At this point of the function, we are building a similarity matrix, we only convert it to a distance matrix in the next lines. Therefore, should not the diagonal be the maximum value, so the diagonal will correspond to a distance of 0 once the matrix normalized and converted? In most cases, it should not matter as the minimum value in the diagonal is most likely greater than all values out of the diagonal. Yet, it is not impossible to have cases were it is not true. For instance, ZZdddddZZ as a similarity score of 1105 whith itself, while the similarity score between ZZeeeeeZZ and ZZeefeeZZ is 2265.
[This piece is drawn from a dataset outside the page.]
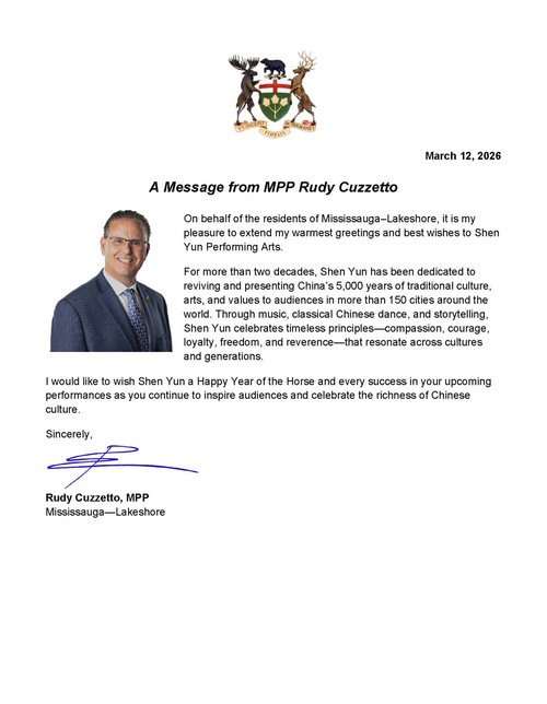 MPP Rudy Cuzzetto of Mississauga-Lakeshore wished Shen Yun success in its 2026 performances, and said the company continues, “To inspire audiences and celebrate the richness of Chinese culture.

@pierrepo replied and highlighted an other issue n the same function:

agree with you @jbarnoud. However, I believe I made an error in the normalization formula. It should be distance_mat = 1 - (distance_mat - mini)/(maxi - mini) instead of distance_mat = 1 - (distance_mat + abs(mini))/(maxi - mini)

The same normalization in used in the code that convert a similarity-score-expressed substitution matrix to a single digit distance-expressed substitution matrix in PBlib.matrix_to_single_digit.
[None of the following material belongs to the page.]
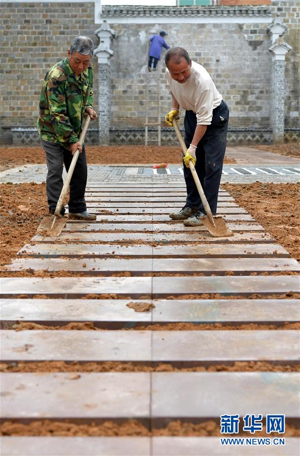 4月28日,在江西省南昌市南昌縣岡上鎮(zhèn)省級文物保護單位“吳氏家廟”內(nèi),搶修工程隊的工人在鋪磚。近年來,江西省南昌市南昌縣推動古村落保護工作。2019年,首批搶修工程隊進駐南昌縣岡上鎮(zhèn),對當?shù)刂氖〖壩奈锉Wo單位“吳氏家廟”及縣級文物保護單位“吳培荊堂古建筑群”進行搶救性維修。同時當?shù)卣€制定文旅規(guī)劃,讓文物保護與觀光旅游相結(jié)合,推動鄉(xiāng)村振興。 新華社記者 彭昭之 攝

So, this issue exposes 3 problems:

[ ] the diagonal is set to an inappropriate value
[ ] the normalization is wrong in PBlib.distance_matrix
[ ] the normalization is wrong in PBlib.matrix_to_single_digit

Ultimately, the way we build the distance matrix may not be appropriate as it scramble the information given by the diagonal of the substitution matrix. I would be interested by how such distance matrix are built in the literature.

Anyway, this issue should be fixed separately from the pull request #56 as it may change the output completely. The current way of building the matrix should be kept as PBlib.matrix_distance_legacy if it was used in already published papers.

cc @pierrepo @alexdb27

jbarnoud commented 9 years ago

See http://emboss.sourceforge.net/apps/release/6.6/emboss/apps/distmat.html

alexdb27 commented 9 years ago

Ultimately, the way we build the substitution matrix may not be appropriate as it scramble the information given by the diagonal of the substitution matrix. I would be interested by how such distance matrix are built in the literature.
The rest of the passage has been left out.